[POINT DE VUE] Euthanasie : la haine du catholicisme reprend du service… la culture en moins !

Si le diable a l’art de faire croire qu’il n’existe pas, ses employés ne sont quand même pas très discrets.
Raphaël Enthoven. Capture d'écran France info.
Raphaël Enthoven. Capture d'écran France info.

Le 15 juillet, les députés français devraient se prononcer sur l’adoption du projet de loi sur l’« aide active à mourir » (on ne peut pas dire « euthanasie », rappelons-le, puisque cela évoquerait, à juste titre, le IIIe Reich). À cette occasion, le clergé catholique français sort de son habituelle réserve et, avec un certain courage, rappelle que le respect de la vie est au cœur de la morale chrétienne.

Parmi les évêques de France, Mgr Marc Aillet, à la tête du diocèse de Bayonne, Lescar et Oloron, rappelle, dans un entretien accordé à France catholique, qu’un parlementaire qui voterait cette loi serait, de facto, excommunié. Il n’y a rien là-dedans que de très normal : voter une loi qui s’oppose si manifestement à la doctrine de l’Église constitue, selon le vocabulaire du catéchisme, un péché mortel. La matière est grave, la connaissance de ce mal est entière et le consentement est plein. Et qui se trouve en état de péché mortel ne peut pas communier. C’est tout simple.

Défilé des laïcards de plateau

Il n’en fallait pas davantage pour que tous les laïcards de plateaux télé tombent à bras raccourcis sur ce simple rappel, « à temps et à contretemps », d’une vérité qui, pour les catholiques, est intemporelle.
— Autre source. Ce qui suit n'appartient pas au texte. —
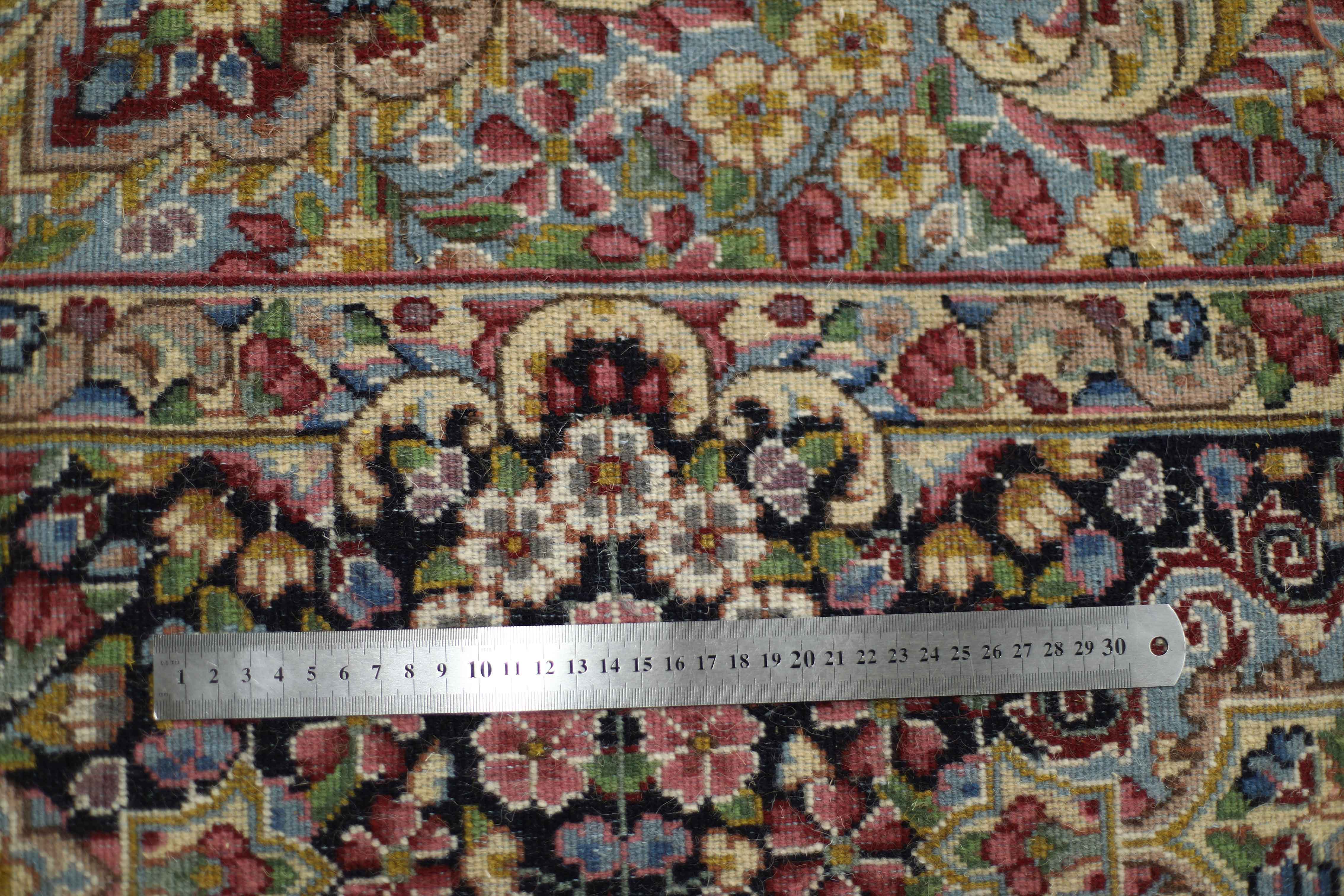 لازم به توضیح است این قالی در زمان صدور شناسنامه روگیری نشده بود، لذا وزن و ضخامت آن به دلیل تغییراتِ پس از خدمات تکمیلی قالی، در شناسنامه ثبت نشده است و عکسها از پشت قالی تهیه شده است.

Le plus rigolo, d’abord : Jean-Luc Romero, homme politique très engagé dans le « droit à mourir dans la dignité », et ce, depuis très longtemps. Ce brave homme s’est fendu d’une tribune dans laquelle il confond communion et absolution, entendant donc qu’un prêtre ne pourrait plus absoudre un parlementaire qui aurait voté cette loi. C’est méconnaître totalement l’abondance de la miséricorde divine. Dieu nous aime inconditionnellement ; c’est nous qui choisissons, quand nous péchons, de nous détourner de Lui. Et à tout péché miséricorde, comme dit le vieil adage : un député qui se repentirait sincèrement, en confession, de ce vote indigne recevrait évidemment l’absolution. Plus bête, encore : en affirmant que « l’État est chez lui, l’Église chez elle », M. Romero semble vouloir priver les évêques de France, qui sont pourtant des citoyens comme les autres, de leur liberté d’expression.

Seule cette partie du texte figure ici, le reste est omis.